Catherine Liu’s call to remove Richard Blum from the Board of Regents points to structural questions that confront anyone concerned with reforming the University. As Catherine reminds us, Blum’s companies hold nearly a billion dollars worth of stock in for-profit, online educational companies that, reportedly, have received millions of dollars of UC investments. Of course, as no one needs reminding, President Yudof, Dean Edley, and Regent Gould are all pushing for an expansion of online education—an act that would establish greater legitimacy for the for-profit educational sector at the moment of rising scrutiny of its business practices, educational quality, and reliance on public funds. Indeed, as Catherine Cole has recently pointed out, rising student fees and an accelerated UC commitment to the notion of online education cannot but help legitimate a for-profit education sector that, while dependent on large amounts of public funds in effect diverted from public universities, has been subject to little oversight of its educational commitments or quality.
Given the lack of a clear business model for UCOP’s proposed expansion into online education, and the general opacity of UC’s investment decision-making process, the relationship between Blum’s holding, UCs investments, and the UCOP’s online frenzy call out for some public explanation. At the very least Regent Blum needs to respond to the reports and explain why his dual role does not constitute a conflict of interest.
But the issue goes beyond Richard Blum.

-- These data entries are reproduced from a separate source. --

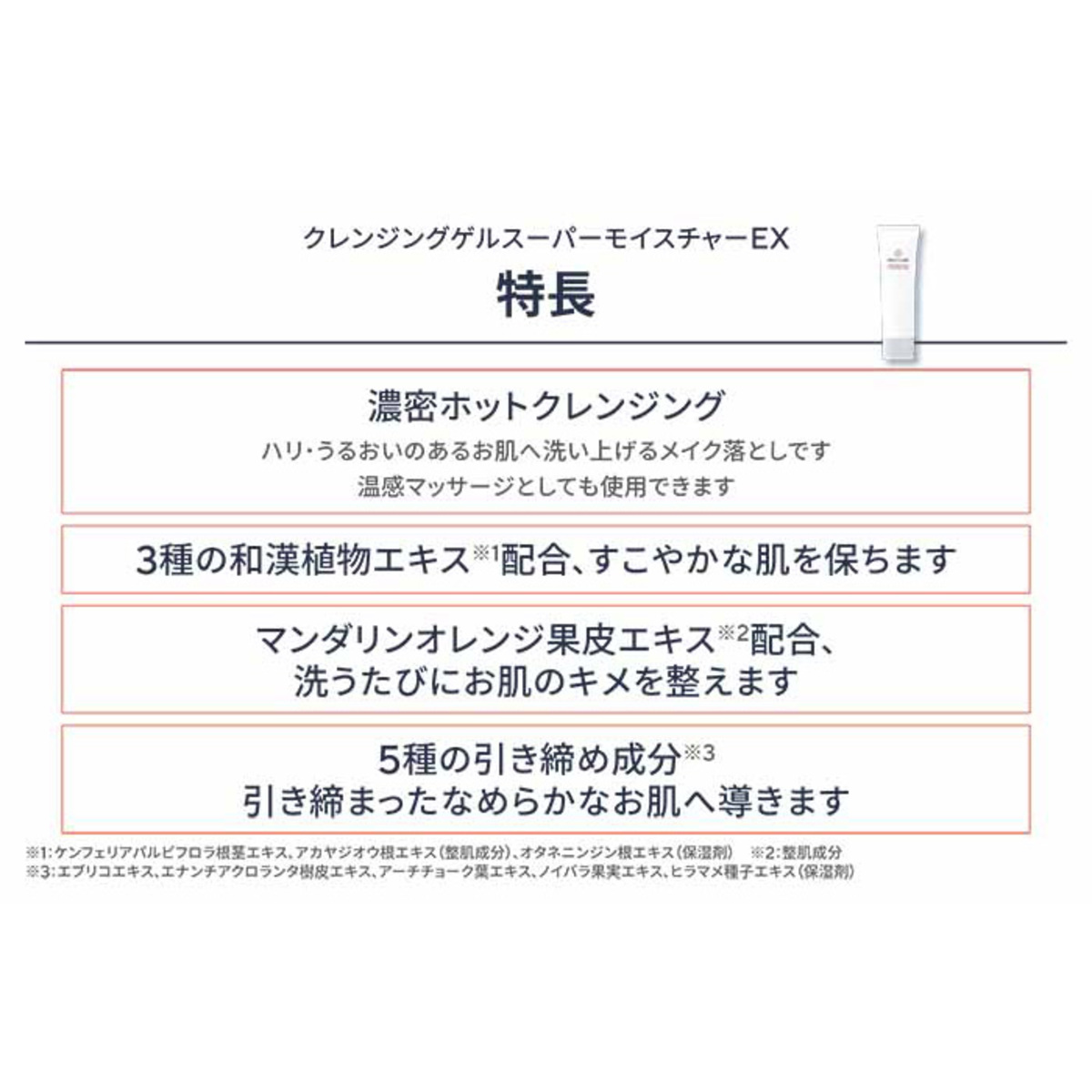 ハリ・うるおいのあるお肌へ洗い上げるクレンジングゲル。メイクをやさしく落とし、温感マッサージとしても使える心地よさが魅力。3種の和漢植物エキスが肌をすこやかに保ち(*1)、マンダリンオレンジ果皮エキス(*2)でキメを整えます。さらに、5種の引き締め成分がなめらかな肌へ導きます(*3)
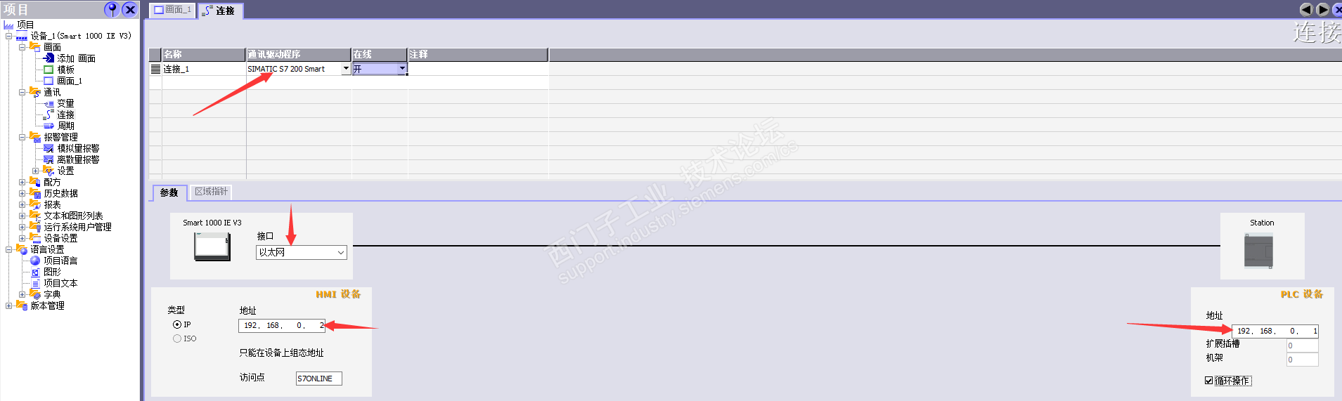 打开WinCC flexible SMART V3软件,在通讯里面,点击连接,添加一个连接,通讯驱动程序选择200SMART。参数一栏选择以太网,IP地址设置好,例如触摸屏:192.168.0.2。Station的以太网地址也设置好,就是上面200smart的以太网地址:192.168.0.1。
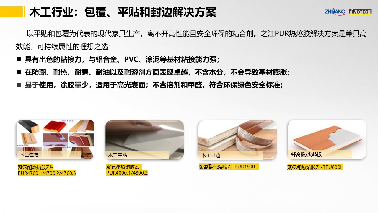 之江公司立足于中國膠粘劑行業(yè)領(lǐng)軍企業(yè)和有機硅膠、聚氨酯、環(huán)氧等專業(yè)膠粘劑的創(chuàng)新和產(chǎn)業(yè)化優(yōu)勢,具有國家高新技術(shù)企業(yè)和國家級企業(yè)技術(shù)中心資質(zhì),依靠國家級CNAS實驗室以及國家級博士后科研工作站,并有國際專家助力,可為木工行業(yè)提供包覆、平貼、封邊應用的聚氨酯熱熔膠粘接解決方案,推出了如下產(chǎn)品:
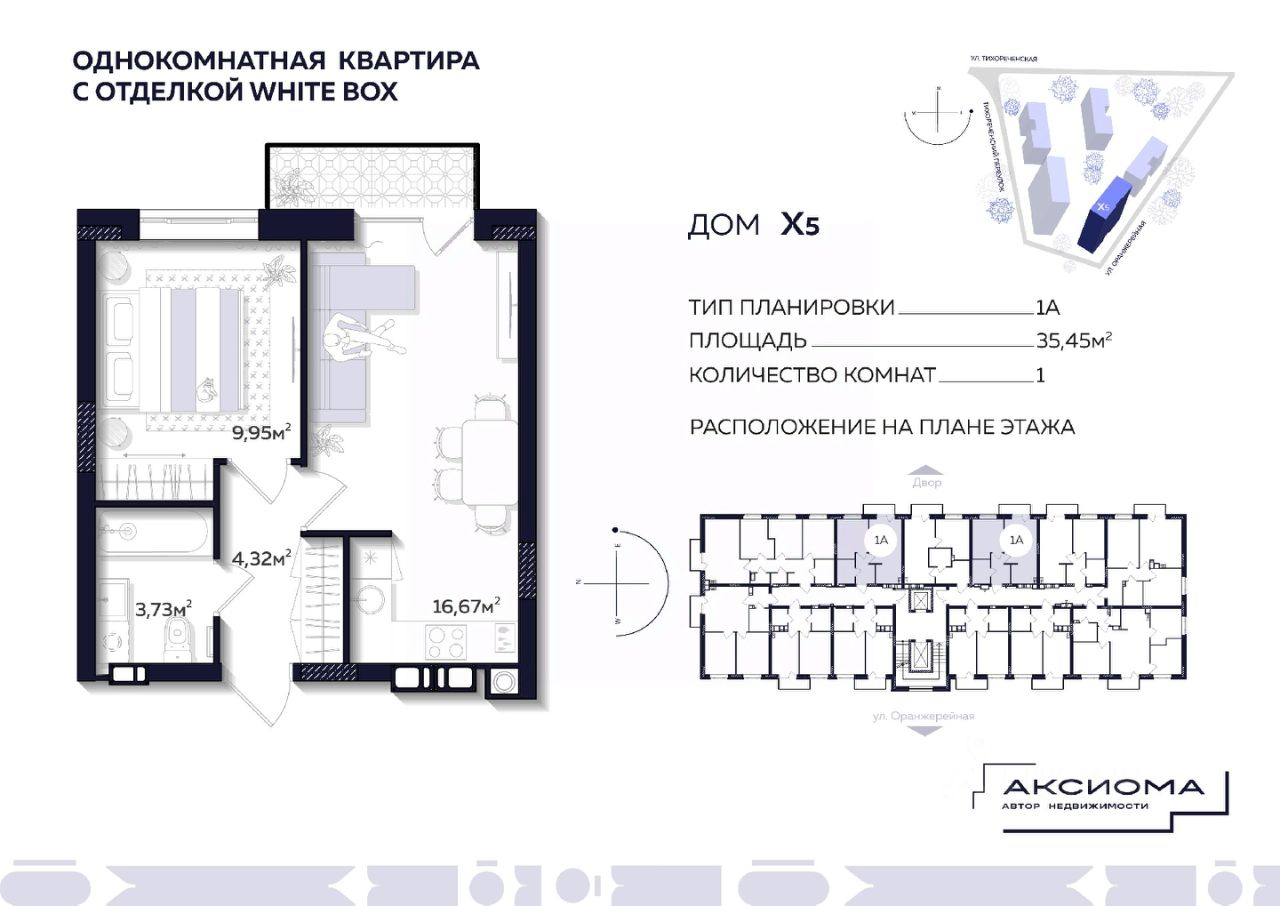 Продаётся 1-комнатная квартира в строящемся доме (Дом 5), срок сдачи: IV-кв. 2026, общей площадью 35.45 кв.м., на 9 этаже. Аксиома на Тихореченской
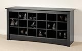 BSS-4824 Features: Dual purpose product 18 individual cubbies Each cubbie measures 6 3/4"(W) x 13 3/4"(D) x 5 1/2"(H) Constructed from high quality laminated composite woods Profiled top, side moldings, and arched kick plate Ready-To-Assemble Assembly required Finish: Black Dimensions: 48"(W) x 16"(D) x 24"(H) Read more
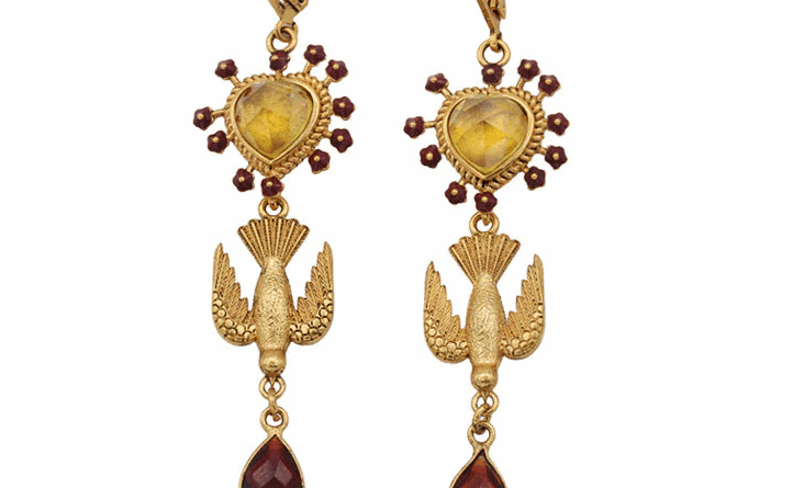 Boucles d’oreilles inspirées des ex-voto, dorées, ornées d’émail, de pierres semi-précieuses et d’un pendentif en forme d’oiseau.
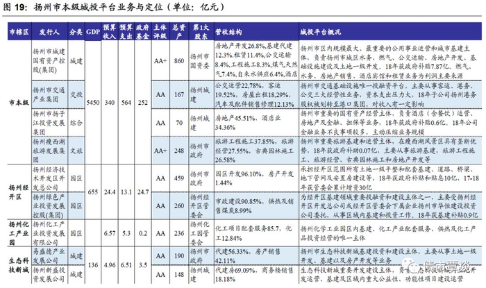 扬州市本级城投发债平台共有10家,其中市级平台4家,经开区、高新区、化工园、生态科技城等园区平台6家。市级核心平台为扬州城建,为扬州市区内规模最大、最重要的公用事业和城市基建主体,负责市城区水务、燃气、公交、房地产开发、基建及土地整理等;其子公司扬州交产、扬子江投资分别负责扬州市交通基建投资和国有资产经营。市级平台瘦西湖旅发集团,负责瘦西湖风景区开发运营,为市文旅平台。国家级扬州经开区范围有2家城投发债平台,即开发总公司和扬州绿投集团,承担经开区范围所有土地平整和配套基建。生态科技新城有2家平台,分别为扬州新盛投资和扬州易盛德产业发展公司,负责生态科技新城基建、土地开发、房地产开发等。此外,扬州化工产业园区唯一主体扬州化工,主要负责化学工业园区内基建、化工产业配套服务、供热及化工产品投资经营;而扬州高新区范围的重要城投主体盛裕投资,则从事高新区范围的市政、安置房建设等。
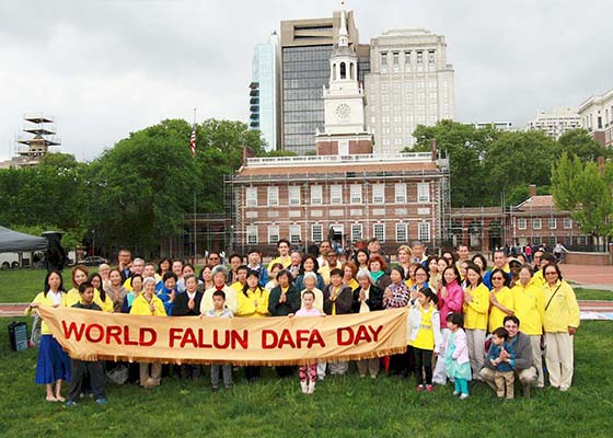 五月六日上午,大费城地区部份法轮功学员在美国《独立宣言》的诞生地–自由钟独立宫的广场草坪举行了庆祝法轮大法日活动。
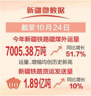 今年截至10月24日,新疆鐵路疆煤外運量達7005.38萬噸,同比增長51.7%,運量、增幅均創歷史新高。
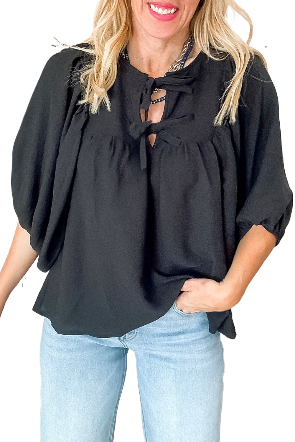 1. Elegant Bow Tie Design: The Black Bow Tie Neck 3/4 Sleeve Casual Blouse features a charming bow tie neckline that adds a touch of sophistication to your casual wardrobe.
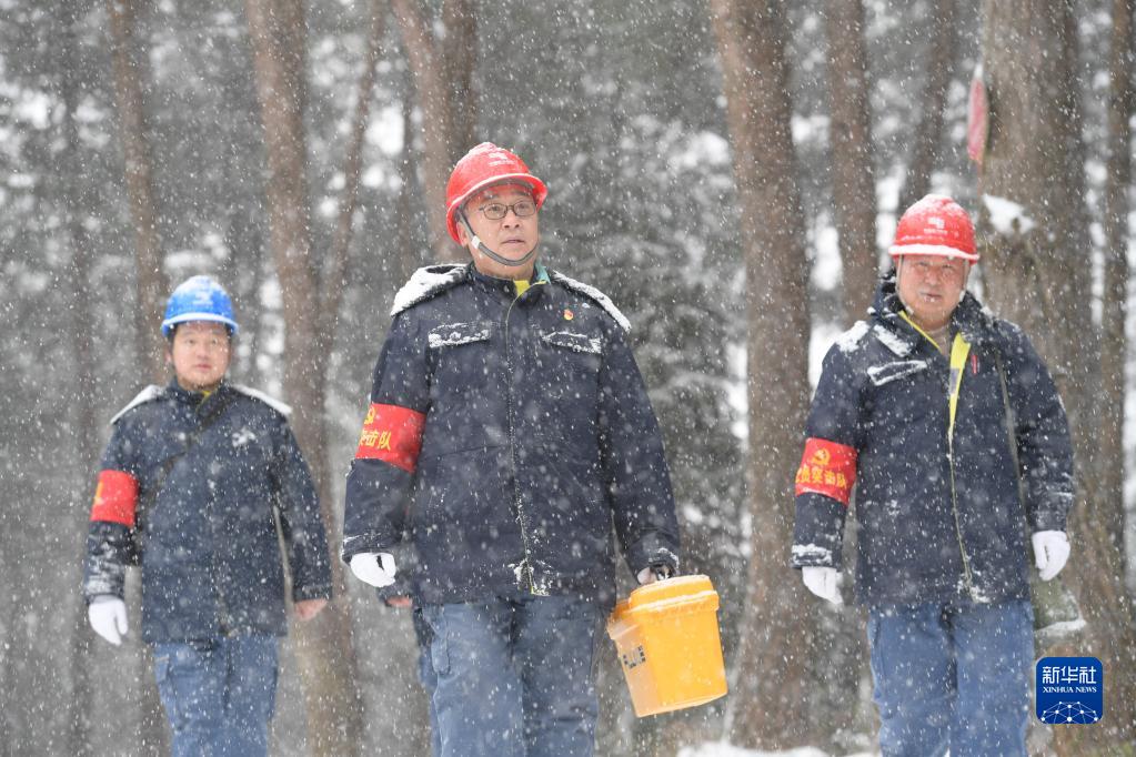 2月22日,南方电网贵州贵阳小河供电局保电突击队的队员冒雪对山区跨越线路进行巡查。

As Bob Samuels has argued UC lost 23 Billion dollars in investments over the past several years, (investments largely related to UCRP) and continues to accrue debt far beyond its actual revenues. These losses and debts put the future of UC at risk. Indeed, the restart of employer contributions for UCRP will cause funds to be taken out of divisions and departments and, without resumption of state responsibility for UCRP contributions those withdrawals will become increasingly severe in the future. UCOP (or at least its leadership) have blamed the contribution holiday and the recent collapse of the stock market for these problems. They have refused to examine the role of their own investment decisions and their reliance on money managers for the disastrous transformation of UCRP’s condition. Again, a serious and open examination of these investments and the way that UCOP has relied on out-of-house money managers is the least that is owed to the University community.
These issues point to the continued lack of accountability—on the part of either the President’s office or the Board Regents—to the University and its citizens. The Board and the President treat the rest of the University—faculty, staff, students—as interlopers in their business. They are happy to hear our voices when we speak in praise but push them aside when questions are asked. But the consistent failures on the part of the Board to protect state funding, their apparent commitment to risky financial investment strategies, and their seeming unwillingness to take seriously what at the least appear to be disturbing conflicts of interest, call out for reform.
Regent Blum owes us an accounting: the University rests on open debate of freely disclosed evidence, he needs to adhere to these standards in disclosing and explaining investments that on their face seem to show a lack of confidence in, and support for, the public sector he helps lead but in whose competition he invests. The Committee on Investments owes us an audit. The Board of Regents and President Yudof owe us greater responsiveness, openness, and most importantly a revamped organization that represents the University rather than governs it from afar.